Currently global debt is about $244 trillion and about 318% of GDP. In January 2019, the International Monetary Fund warned governments to reign in debt and build buffers against risks. If a government can borrow at very low rates or in some cases negative rates, the path of least resistance is to increase the money supply and borrow more to keep the world economy rolling.
United States Congress viewpoint
Congressman Brad Sherman has proposed cryptocurrency be banned because it poses a threat to the dollars role as a reserve currency and the fact that the international settlement of oil is in dollars. As unworkable a policy that he suggests, there is a hint of fear among those responsible in the United States for debasing the dollar.
Our viewpoint
Developing countries have gold and currency reserves to underpin their currency. Developed countries utilize sovereign stability to create demand for their currency and then exploit the demand by increasing the amount of currency to maximize domestic asset values. As governments find it more difficult to sustain asset values necessary for tax receipts the debasement will continue. The global lack of the velocity of money supply has had governments pushing on a string since the last asset crisis of 2009. The next crisis will be led by asset price downturns but will morph into a crisis of currency value as governments try to flood the market with paper money to support asset prices. In this case the assets that rise in value will not be tied to a currency, be portable and not debasing.

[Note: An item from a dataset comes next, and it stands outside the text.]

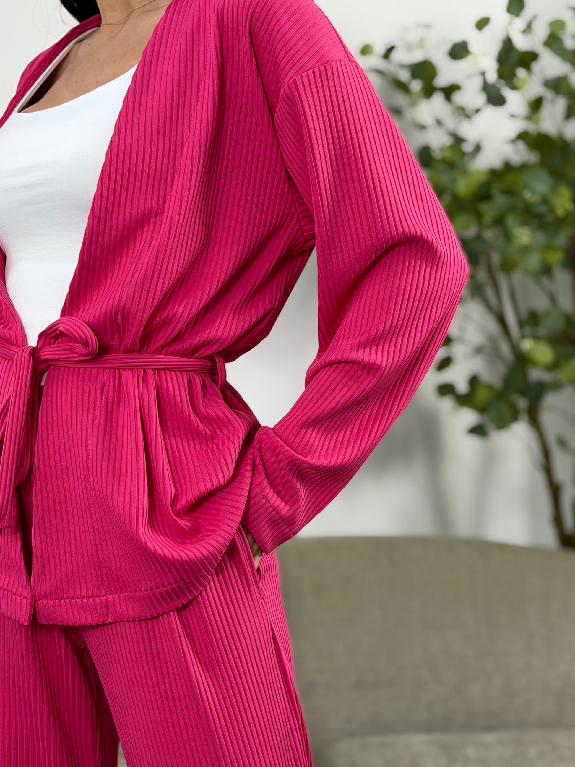 Setul impresionează printr-un design modern, echilibrat între confort și estetică. Realizat dintr-o țesătură cu nervuri fine, setul are un aspect lejer, dar bine definit, potrivit atât pentru ținute casual, cât și pentru apariții relaxate, cu stil.
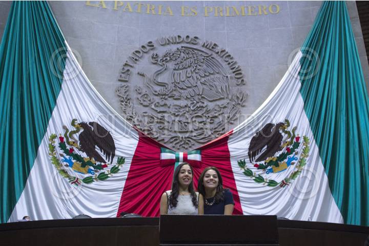 MÉXICO, D.F., 28AGOSTO2014.- Las dos hijas de Silvano Aureoles, se tomaron una fotografía al termino de la sesión preparatoria del Tercer año de Ejercicios de la LXII Legislatura donde fue nombrado como Presidente de la Mesa Directiva de la Cámara de Diputados. FOTO: ENRIQUE ORDÓÑEZ /CUARTOSCURO.COM

What exactly is Cryptocurrency?
Cryptocurrencys strength is that it can solve several fundamental problems in the global marketplace. Like having the transient properties of being a solid, liquid and gas; crypto assets can function in as a derivative, an asset and a currency. The investment holding that reconstitutes Modern Portfolio Theory and adds a z axis of currency risk also allows for a solution that is the new efficient frontier as it progresses into an asset class that is anti-fragile. Inflation protection is the tangible outcome of rethinking risk as defined by purchasing power across all currencies rather than the loss of it in one.
--Matt Sauer, MWSWNB Investments. Originally published here.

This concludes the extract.